With the pictures removed, the data below must be transcribed in full and exactly.

* Source data:
—————
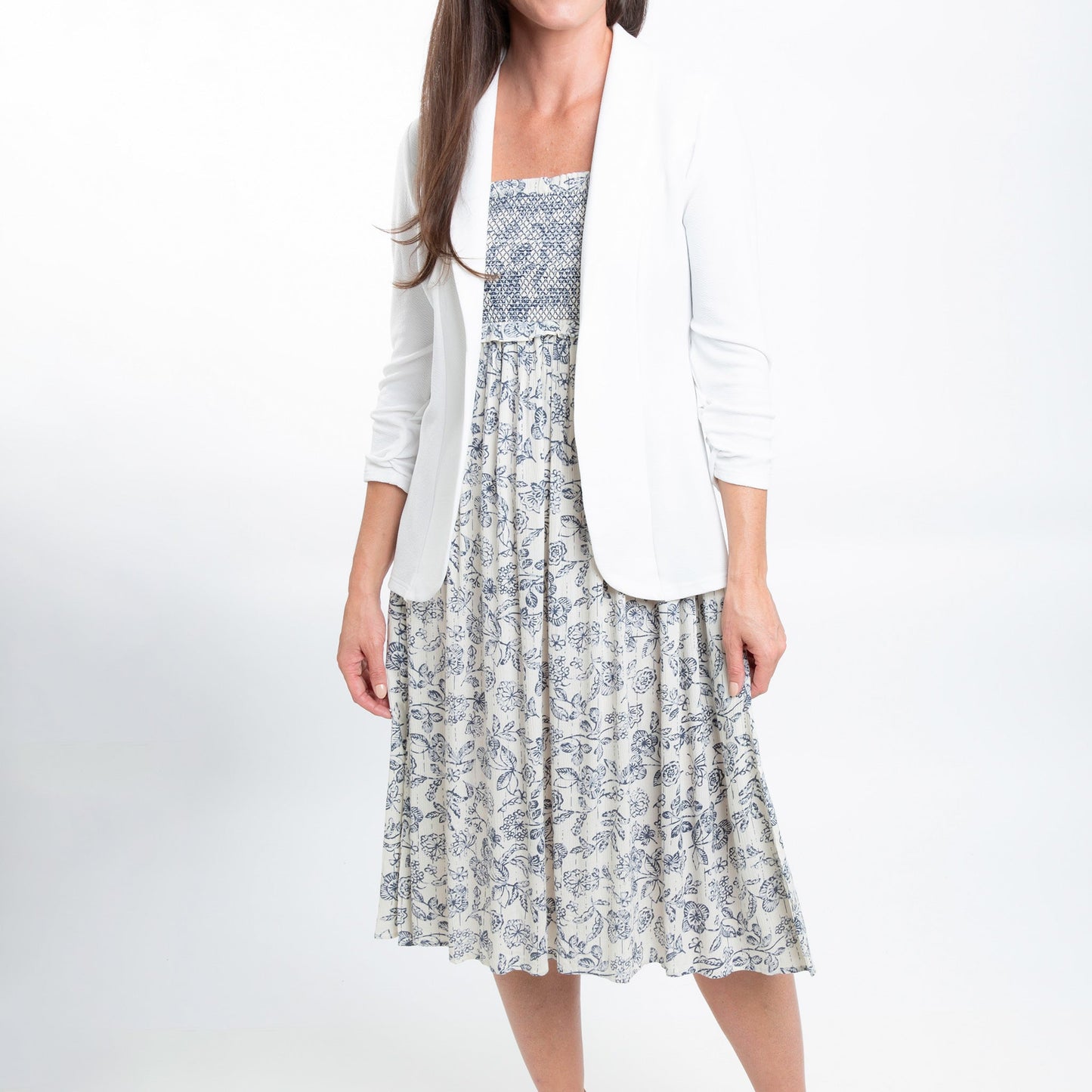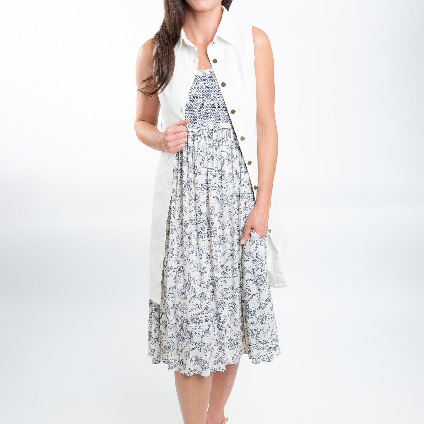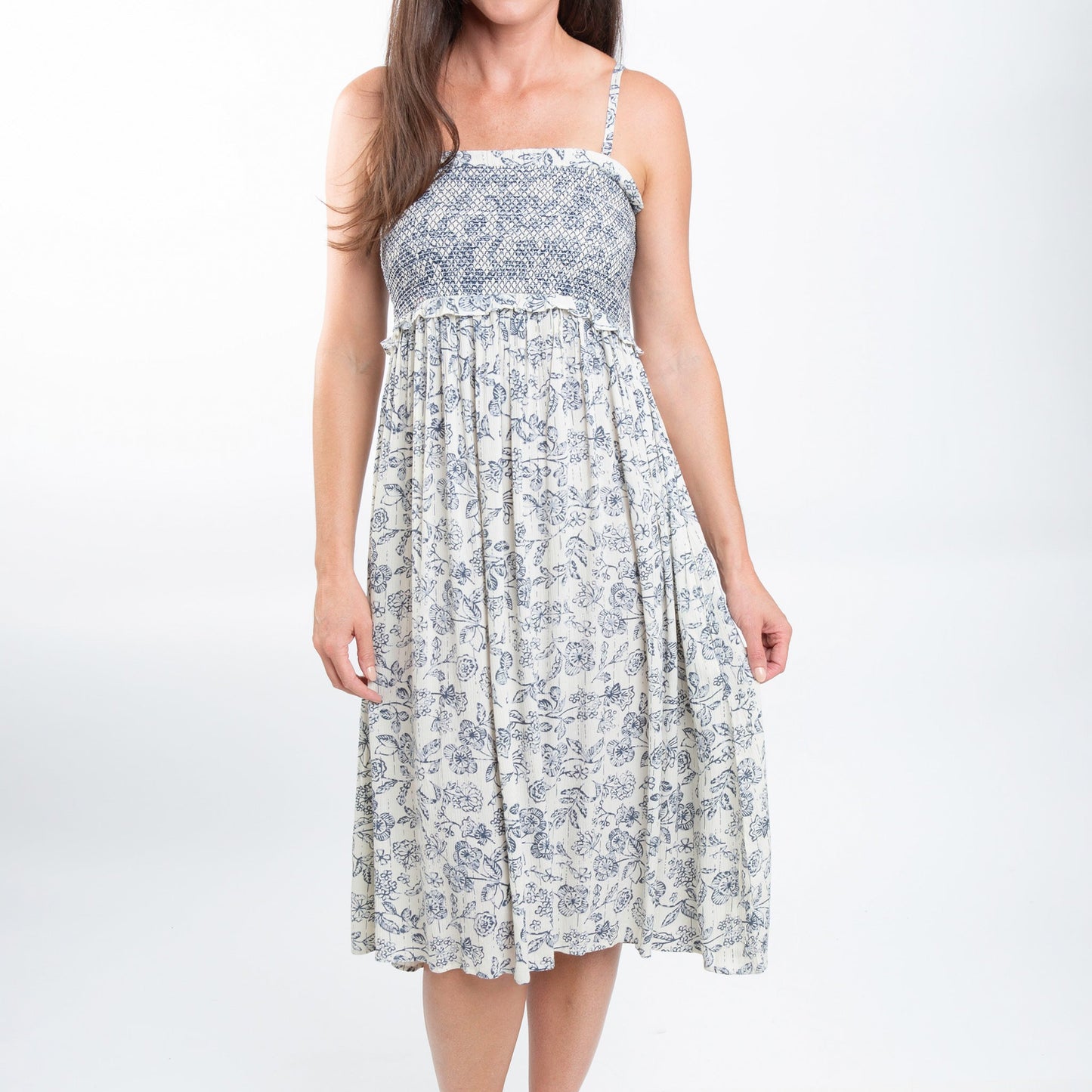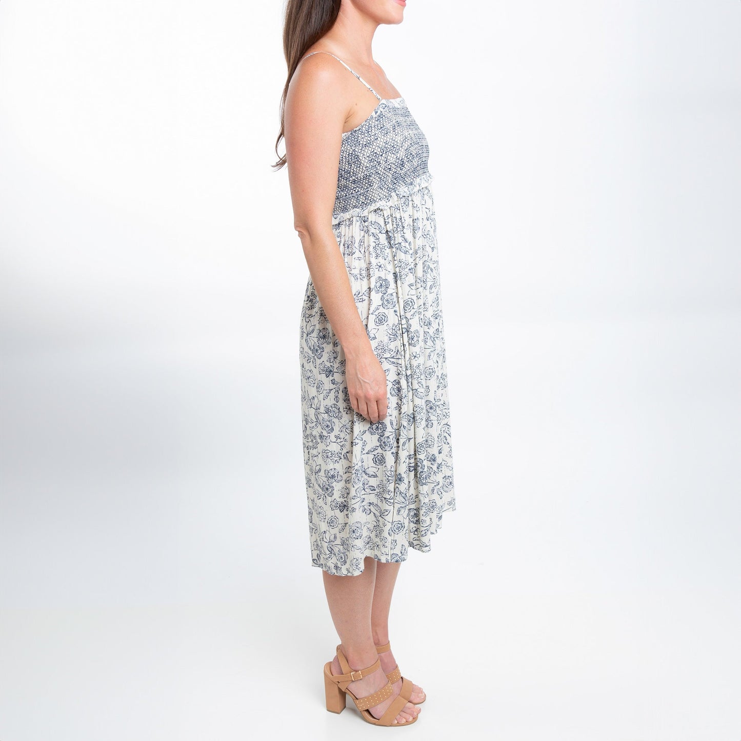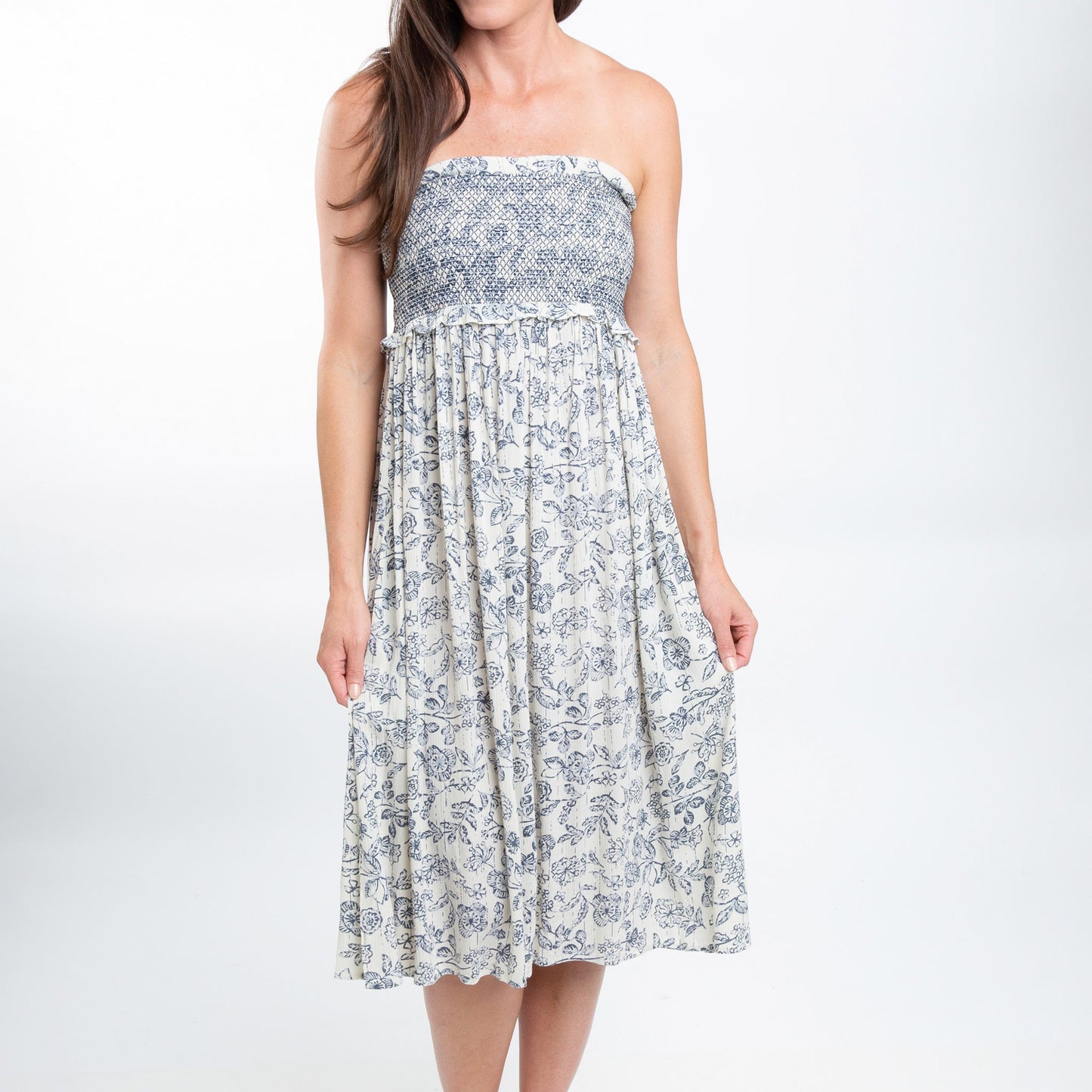 Your new favorite dress! Featuring a Toile De Jouy Floral print with removable straps and a versatile midi length, the Sarai Smoked Midi Dress is perfect for those warmer days!
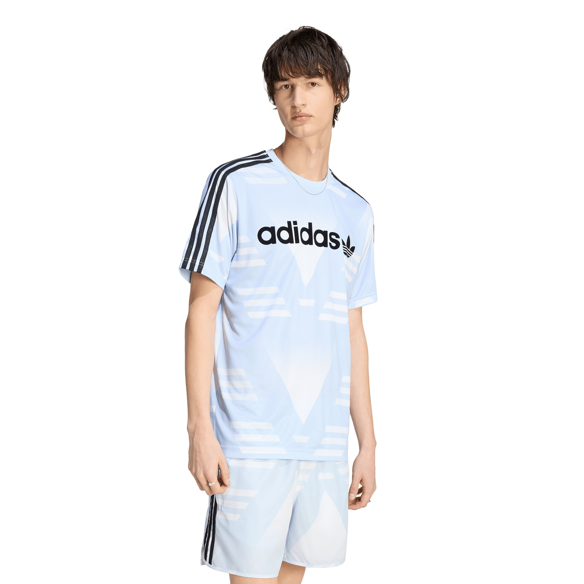 The BRUISED BANANA LOOSE SPONSORED JERSEY redefines sport classic with a bold reinterpretation of archival designs. This short-sleeve jersey offers a regular fit, combining a round neck with a knit construction for comfortable everyday wear. The vibrant color palette and expressive prints make it a perfect choice for those looking to make a statement this summer. Step into a world where classic football silhouettes meet modern style.
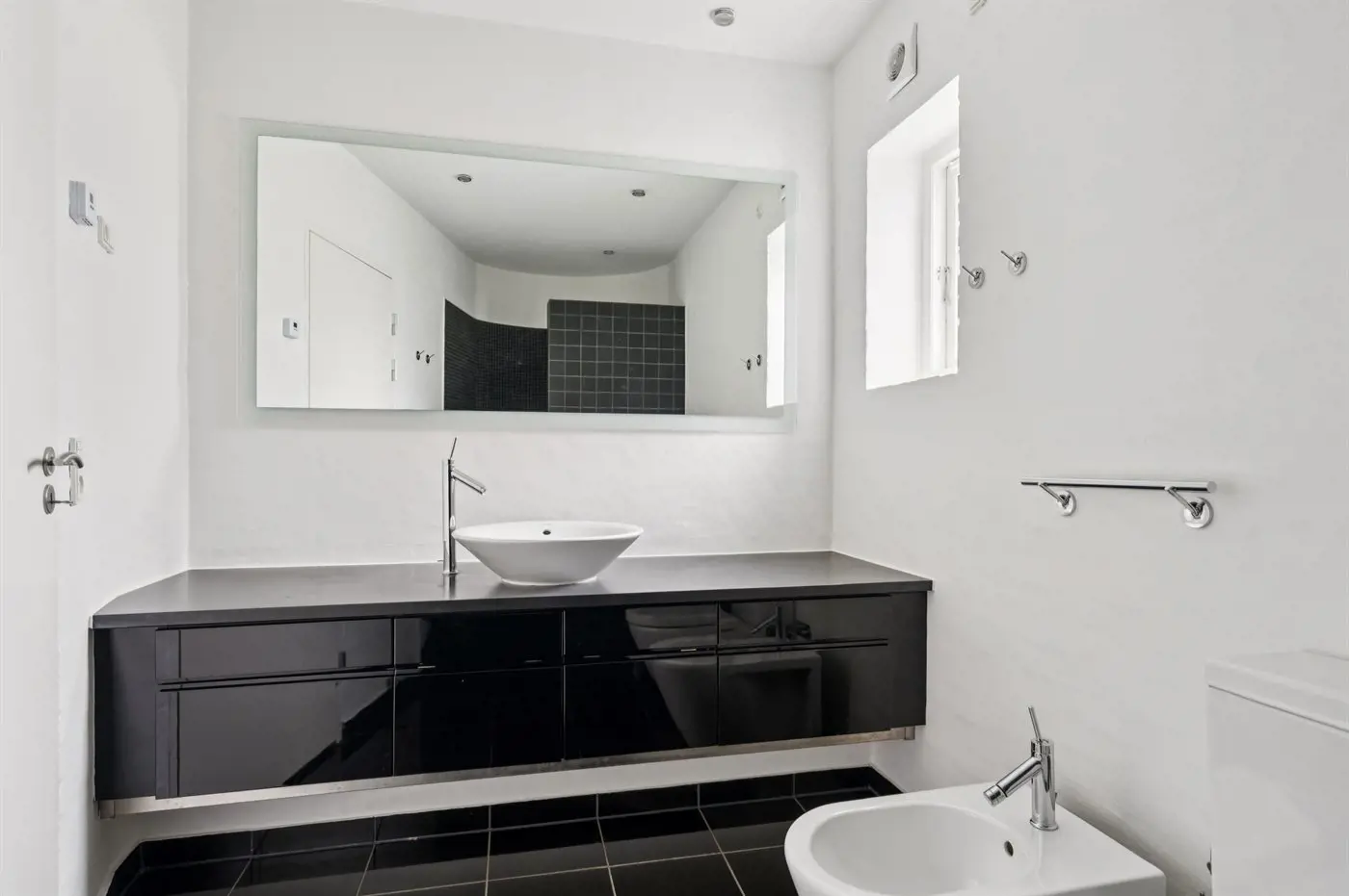 Es gibt 1 Badezimmer mit Duschnische und 2 Toiletten, davon 1 Gästetoilette. Fußbodenheizung in 1 Badezimmer.
—————
* Output of the task:
 Your new favorite dress! Featuring a Toile De Jouy Floral print with removable straps and a versatile midi length, the Sarai Smoked Midi Dress is perfect for those warmer days!
 The BRUISED BANANA LOOSE SPONSORED JERSEY redefines sport classic with a bold reinterpretation of archival designs. This short-sleeve jersey offers a regular fit, combining a round neck with a knit construction for comfortable everyday wear. The vibrant color palette and expressive prints make it a perfect choice for those looking to make a statement this summer. Step into a world where classic football silhouettes meet modern style.
 Es gibt 1 Badezimmer mit Duschnische und 2 Toiletten, davon 1 Gästetoilette. Fußbodenheizung in 1 Badezimmer.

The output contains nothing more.